* _EXERCISE DIRECTIONS_
Restate, exactly as written, the entries below from the line that holds "Москва. 14 июня." through the line that holds "Mid Tower, БП". Pictures are not part of the copy.

━━━ DATA TO PROCESS

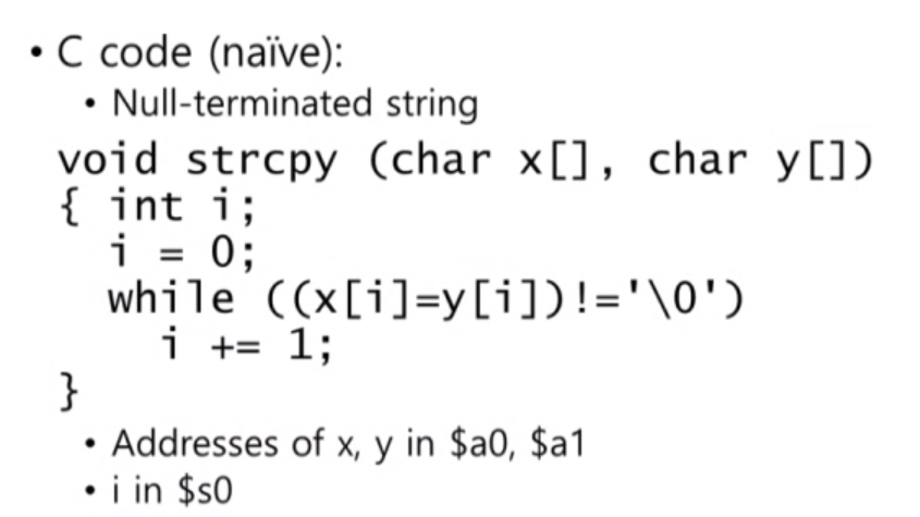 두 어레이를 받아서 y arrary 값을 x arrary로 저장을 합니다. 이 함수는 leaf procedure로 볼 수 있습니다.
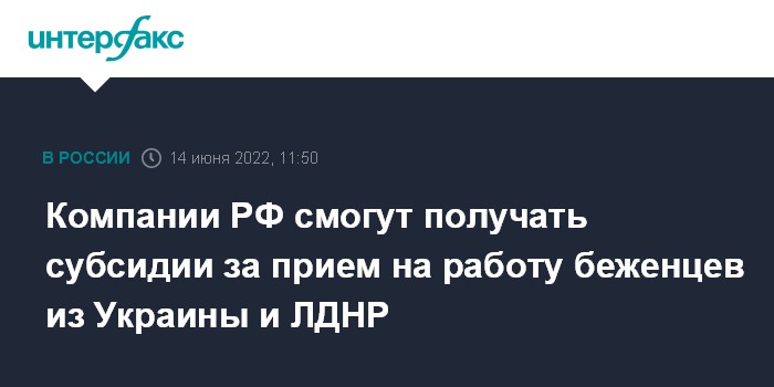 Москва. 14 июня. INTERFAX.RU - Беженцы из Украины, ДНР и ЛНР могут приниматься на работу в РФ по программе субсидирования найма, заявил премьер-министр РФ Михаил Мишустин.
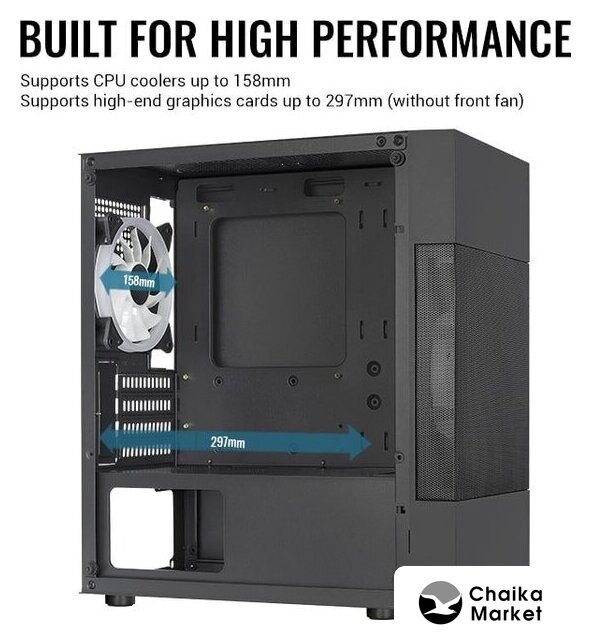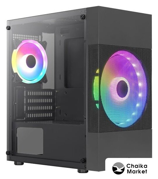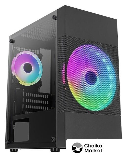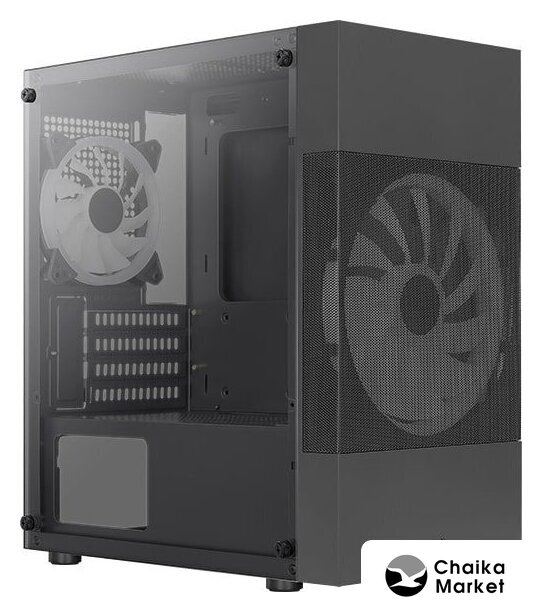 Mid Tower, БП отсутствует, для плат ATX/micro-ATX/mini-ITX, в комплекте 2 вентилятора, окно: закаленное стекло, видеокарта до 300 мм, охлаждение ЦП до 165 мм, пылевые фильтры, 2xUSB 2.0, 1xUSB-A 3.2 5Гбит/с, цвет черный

━━━━━━
━━━ DATA TO PROCESS

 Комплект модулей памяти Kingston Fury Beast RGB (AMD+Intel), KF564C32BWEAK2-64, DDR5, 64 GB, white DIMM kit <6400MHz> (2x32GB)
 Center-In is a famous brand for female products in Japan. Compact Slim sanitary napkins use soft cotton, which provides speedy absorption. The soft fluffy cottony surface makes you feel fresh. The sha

━━━━━━

* _ANSWER FOR THE TASK_
 Москва. 14 июня. INTERFAX.RU - Беженцы из Украины, ДНР и ЛНР могут приниматься на работу в РФ по программе субсидирования найма, заявил премьер-министр РФ Михаил Мишустин.
 Mid Tower, БП отсутствует, для плат ATX/micro-ATX/mini-ITX, в комплекте 2 вентилятора, окно: закаленное стекло, видеокарта до 300 мм, охлаждение ЦП до 165 мм, пылевые фильтры, 2xUSB 2.0, 1xUSB-A 3.2 5Гбит/с, цвет черный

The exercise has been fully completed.